Bruxelles, 16/04/2015 (Agence Europe) - Le commissaire à la Politique de voisinage, Johannes Hahn, a souligné, mercredi 15 avril, que l'UE est un soutien indispensable du « changement » en Ukraine.
« Le changement en Ukraine est possible, il se produit, et il se produit avec le soutien indispensable de l'UE », a-t-il expliqué lors d'une conférence organisée par Bertelsmann Stiftung, ajoutant que « l'UE sera le joueur clé pour soutenir les changements nécessaires ». Pour le commissaire, « l'UE doit s'assurer que l'Ukraine ait les moyens de changer, si elle en a la volonté » politique. Depuis les événements de Maidan, qui ont commencé en novembre 2013, l'UE avait mobilisé environ 6 milliards d'euros à destination de l'Ukraine.
Soulignant que la capacité administrative de l'Ukraine était encore faible et devait se moderniser, M. Hahn a précisé que cela ne devait pas être une excuse pour ne pas avancer dans les réformes. Il a aussi dénoncé les problèmes de corruption, soulignant qu'elle devait être « punie ». « Encore plus important, elle doit être évitée et une nouvelle culture professionnelle d'ouverture et de transparence doit être créée », a ajouté le commissaire, considérant que le test décisif de la lutte contre la corruption portera sur les marchés publics et la privatisation des entreprises d'État.
M. Hahn a mis en avant la corruption dans le secteur de l'énergie. « L'énergie est une source majeure de corruption », a-t-il expliqué. Il a aussi considéré que le domaine énergétique était un domaine que le gouvernement ukrainien devrait voir comme prioritaire en termes de réformes. M. Hahn a regretté le manque d'efficacité énergétique ukrainienne, soulignant que le gaspillage d'énergie en Ukraine était 10 à 20 fois supérieur à celui de la moyenne européenne et que l'Ukraine utilisait trois fois plus d'énergie pour produire une unité de PIB que la moyenne de l'OCDE. « Si l'Ukraine venait à augmenter son efficacité énergétique au niveau moyen de l'UE, les économies d'énergie annuelles seraient d'environ 34 milliards de mètres cubes de gaz. Cela signifierait que l'Ukraine n'aurait plus à importer du gaz. Il suffit de penser ce que cela signifierait en termes de sécurité nationale », a-t-il expliqué.

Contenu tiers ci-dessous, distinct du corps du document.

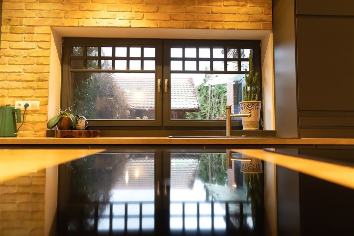 Wyjątkowa kuchnia z jadalnią. W tej kuchni gotowanie staje się przyjemnością a nie codzienną koniecznością. Kuchnia wyposażona w piękną i funkcjonalną wyspę. Zabudowa kuchenna ze wszystkim niezbędnymi sprzętami i wieloma miejscami do przechowywania, Kącik jadalniany z pięknym widokiem na ogród i wyjściem na taras
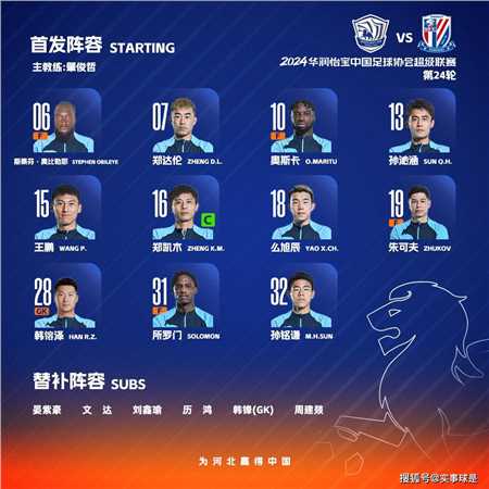 7月22日晚,在2024赛季中超联赛提前进行的第24轮最后一场比赛中,沧州雄狮将坐镇主场沧州体育场,迎战上海申花。赛前,两队首发名单公布。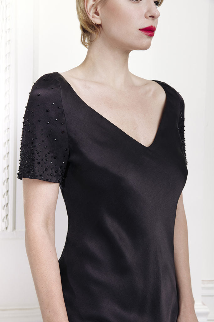 Cut on the bias long needle and thread hand embellished black satin silk dress.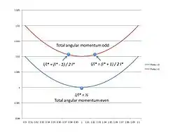 When the total angular momentum is odd, the minima cannot occur for The lowest energy states for odd total angular momentum occur when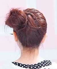 step2:将所有的头发全部集中到侧边,在靠近头顶的位子绑一个丸子头。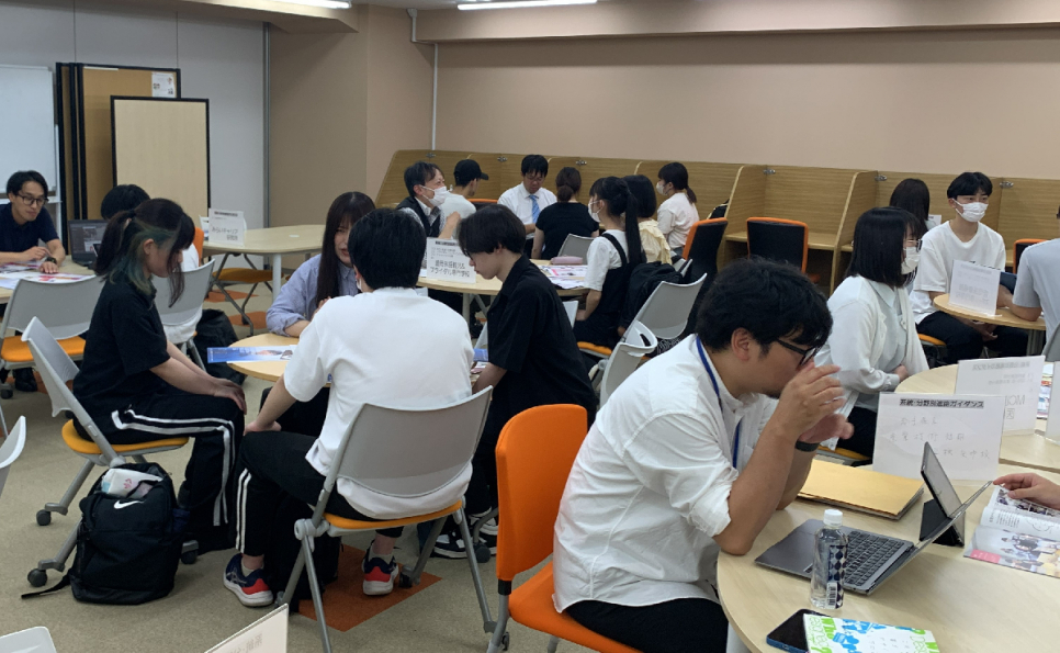 多くの生徒たちが興味のある各学校ブースで話を聞いています♪
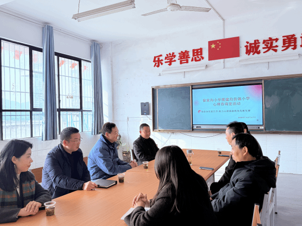 活动当天,由徐家沟小学党总支书记金晓、副书记纪德奎、副校长侯勇、陈明平、陈秀等五位组成的团队早早出发,抵达均县镇小学后,立即与该校领导、教师代表及后勤人员展开座谈。均县镇小学领导详细介绍了学校心理健康教育的现状与需求,徐家沟小学领导则阐明了援建的初衷与具体活动安排,双方明确了共同的目标。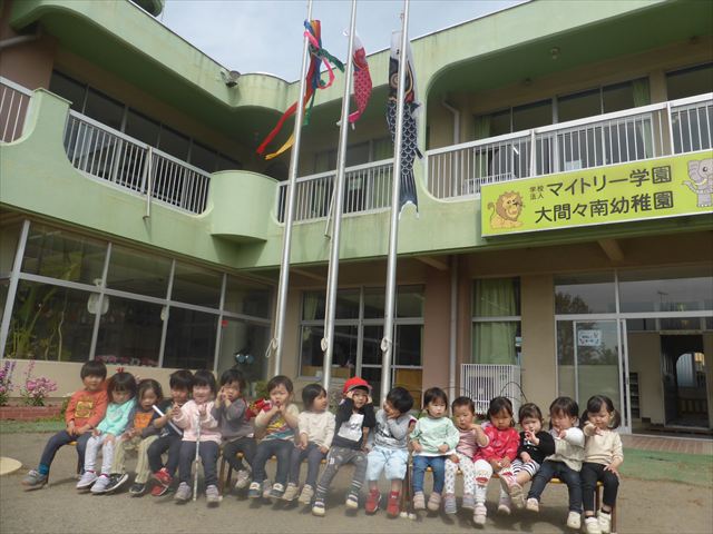 週明けの今日から、幼稚園にこいのぼりがあがりました!みんなで記念に写真撮影☆「おおきいね~!」と上を見上げて嬉しそうなたんぽぽさんでした(^^)/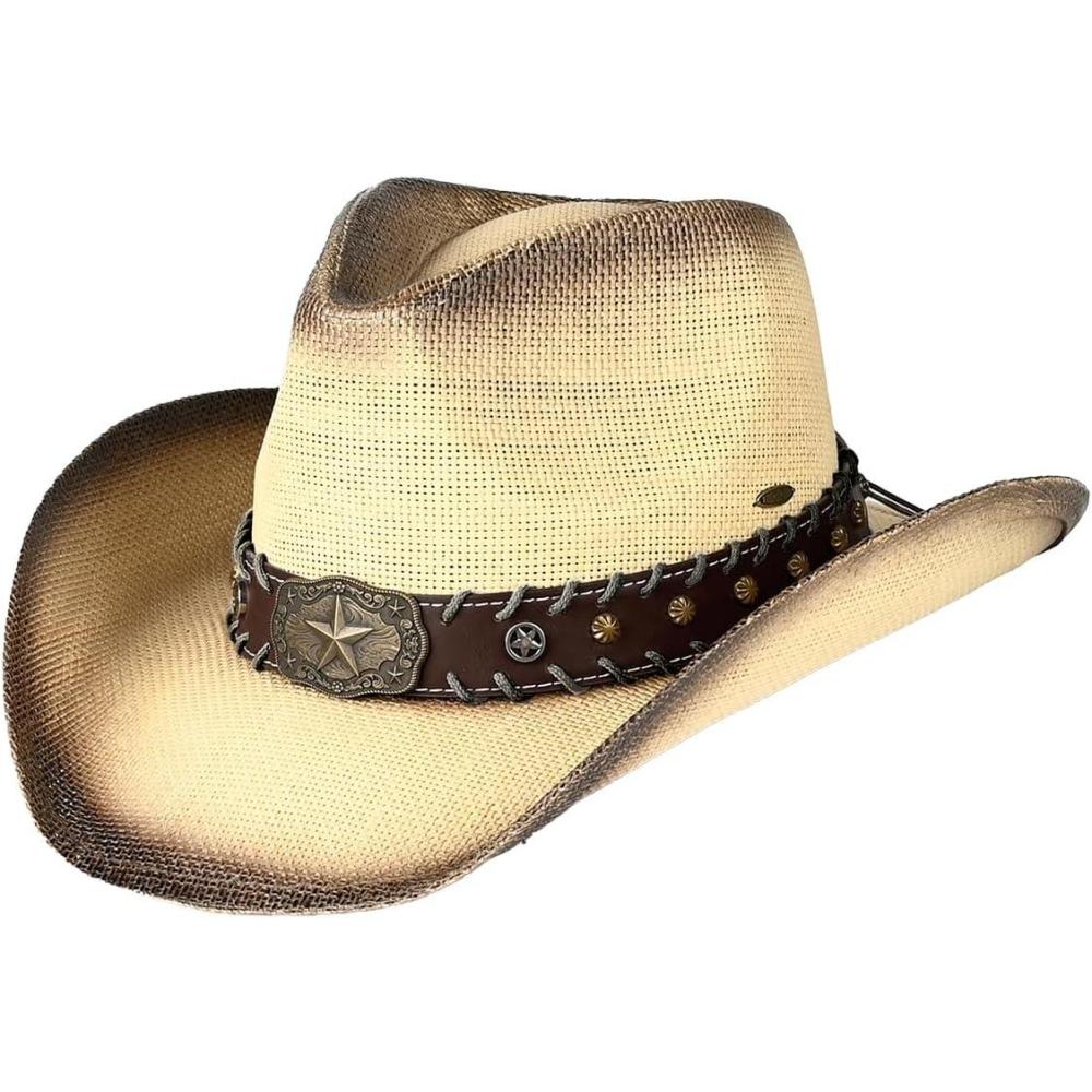 C.C Classic Western Wide Roll up Brim Turquoise Charm Trim Band Cowboy Cowgirl Hat(Tea-stain_natural)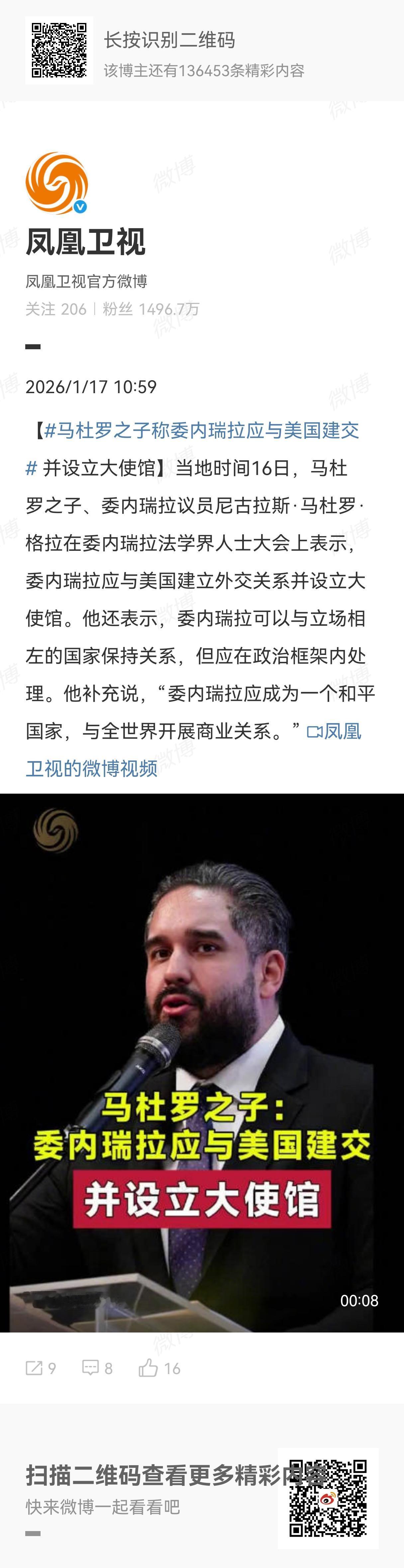 当地时间16日,马杜罗之子、委内瑞拉议员尼古拉斯·马杜罗·格拉在委内瑞拉法学界人士大会上表示,委内瑞拉应与美国建立外交关系并设立大使馆。此话一出,世界哗然。一只战斗的公鸡,战斗最酣的时候,突然停止战斗,跟黄鼠狼说我们不打了,我们和好吧。黄鼠狼听了怎么想?黄鼠狼想的是你个傻子!然后张开大嘴一口把鸡吃下去。听到这话最寒心的是古巴,古巴的32名烈士棺椁刚刚回国,就听到誓死保卫的另一个国家要和敌国建交,怎么想都很难受。
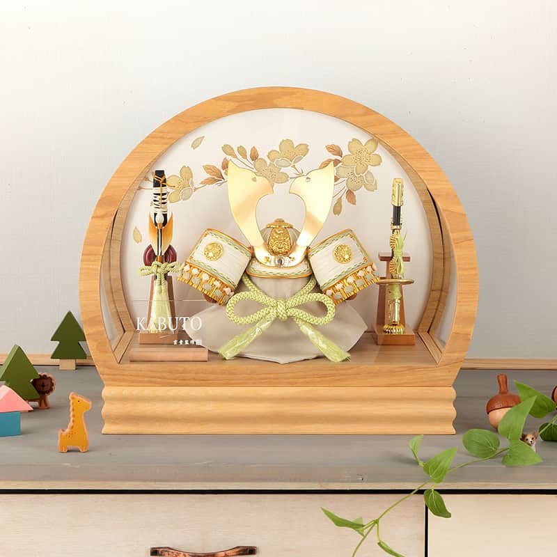 半円形のおしゃれなアクリルケースに、淡いグリーンを基調としたさわやかな兜を合わせました。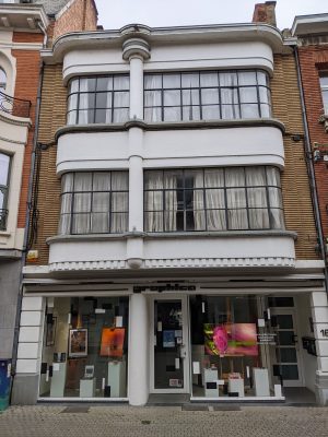 Ein bisschen schmerzt auch hier der Anblick von kaputten Glasscheiben, aber man hat auch das Gefühl der Authentizität und irgendwie ist es toll, wenn in so einem Haus ganz normale Menschen leben. Und man es nicht als Firmensitz oder sonst etwas Etabliertes herausgeputzt hat. Der kleine Erker und die historistische Traufkante des Hauses zeigen Guiannottes Ursprung und das ganze Haus scheint mir irgendwie „belgischer Jugendstil in a Nutshell“ zuzurufen. Gilt dieser doch als perfektes Bindeglied zwischen dem angelsächsischen Arts-and-Crafts-Ursprung und dem eher eleganten Art Nouveau Frankreichs.

Le commissaire a aussi rappelé que s'il fallait discuter des inquiétudes de la Russie, quand elles sont justifiées, concernant l'accord d'association et la zone de libre-échange complet et approfondi entre l'Ukraine et l'UE, il a précisé que l'accord ne serait pas changé, car de nombreux États membres ont déjà ratifié cet accord, ou sont en train de le faire. (Camille-Cerise Gessant)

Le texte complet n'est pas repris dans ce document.